PROBLEM TO WORK ON:
In the entries below, find the line with "Lano MGM Zn-PVC" and the line with "Mateřství je vše, jen"; reproduce those two lines and all lines between them exactly, without pictures.

RECORDS FOR THIS TASK:
══════════════════════════════

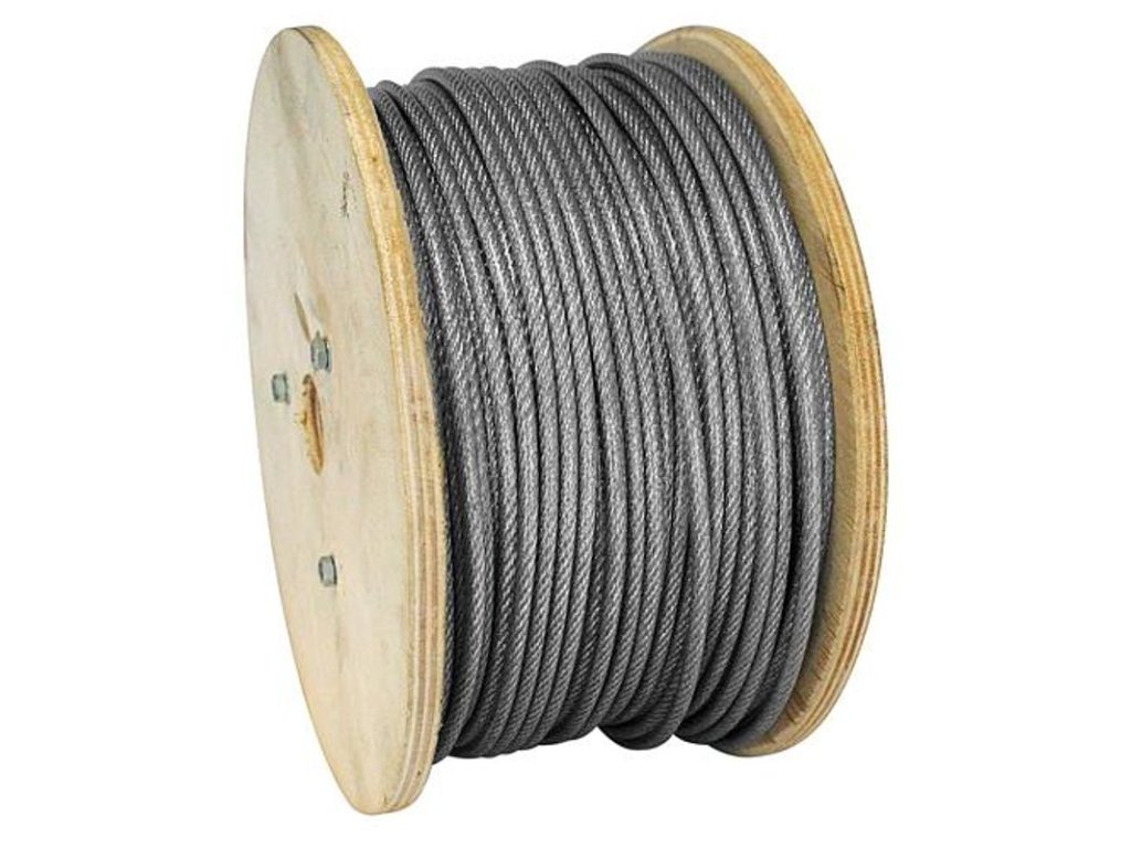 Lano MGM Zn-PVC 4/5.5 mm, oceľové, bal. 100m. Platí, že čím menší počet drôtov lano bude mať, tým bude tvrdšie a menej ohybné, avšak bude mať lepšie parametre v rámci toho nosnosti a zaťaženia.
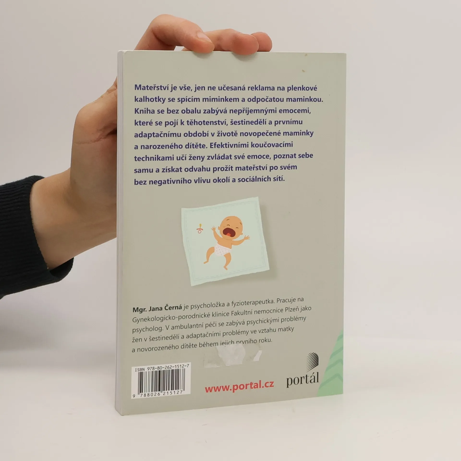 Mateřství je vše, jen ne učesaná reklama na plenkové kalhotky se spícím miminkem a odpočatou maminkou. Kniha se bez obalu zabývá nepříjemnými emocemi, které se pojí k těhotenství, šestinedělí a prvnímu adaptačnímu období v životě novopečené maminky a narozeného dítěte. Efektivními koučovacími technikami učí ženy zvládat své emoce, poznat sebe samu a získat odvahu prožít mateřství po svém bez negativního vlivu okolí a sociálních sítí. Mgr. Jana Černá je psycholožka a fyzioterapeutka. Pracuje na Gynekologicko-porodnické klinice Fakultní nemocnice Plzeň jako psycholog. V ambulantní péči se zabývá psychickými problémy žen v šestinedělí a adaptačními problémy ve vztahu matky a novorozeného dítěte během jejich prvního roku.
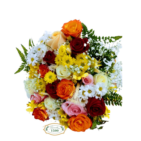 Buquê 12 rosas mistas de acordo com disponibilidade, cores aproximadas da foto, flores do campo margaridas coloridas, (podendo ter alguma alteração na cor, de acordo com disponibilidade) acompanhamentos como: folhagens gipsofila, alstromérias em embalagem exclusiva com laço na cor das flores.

══════════════════════════════

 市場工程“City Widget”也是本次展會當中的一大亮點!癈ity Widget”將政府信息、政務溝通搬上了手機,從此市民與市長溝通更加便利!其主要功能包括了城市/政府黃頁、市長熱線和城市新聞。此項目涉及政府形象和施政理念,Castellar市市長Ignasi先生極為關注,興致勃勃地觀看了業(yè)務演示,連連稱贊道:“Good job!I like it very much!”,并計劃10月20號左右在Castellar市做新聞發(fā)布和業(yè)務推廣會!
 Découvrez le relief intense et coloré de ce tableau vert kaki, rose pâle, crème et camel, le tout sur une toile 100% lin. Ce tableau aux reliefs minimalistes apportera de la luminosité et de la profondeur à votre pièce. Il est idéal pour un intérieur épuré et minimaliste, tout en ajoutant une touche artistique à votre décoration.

══════════════════════════════

RESPONSE TO THIS EXERCISE:
 Lano MGM Zn-PVC 4/5.5 mm, oceľové, bal. 100m. Platí, že čím menší počet drôtov lano bude mať, tým bude tvrdšie a menej ohybné, avšak bude mať lepšie parametre v rámci toho nosnosti a zaťaženia.
 Mateřství je vše, jen ne učesaná reklama na plenkové kalhotky se spícím miminkem a odpočatou maminkou. Kniha se bez obalu zabývá nepříjemnými emocemi, které se pojí k těhotenství, šestinedělí a prvnímu adaptačnímu období v životě novopečené maminky a narozeného dítěte. Efektivními koučovacími technikami učí ženy zvládat své emoce, poznat sebe samu a získat odvahu prožít mateřství po svém bez negativního vlivu okolí a sociálních sítí. Mgr. Jana Černá je psycholožka a fyzioterapeutka. Pracuje na Gynekologicko-porodnické klinice Fakultní nemocnice Plzeň jako psycholog. V ambulantní péči se zabývá psychickými problémy žen v šestinedělí a adaptačními problémy ve vztahu matky a novorozeného dítěte během jejich prvního roku.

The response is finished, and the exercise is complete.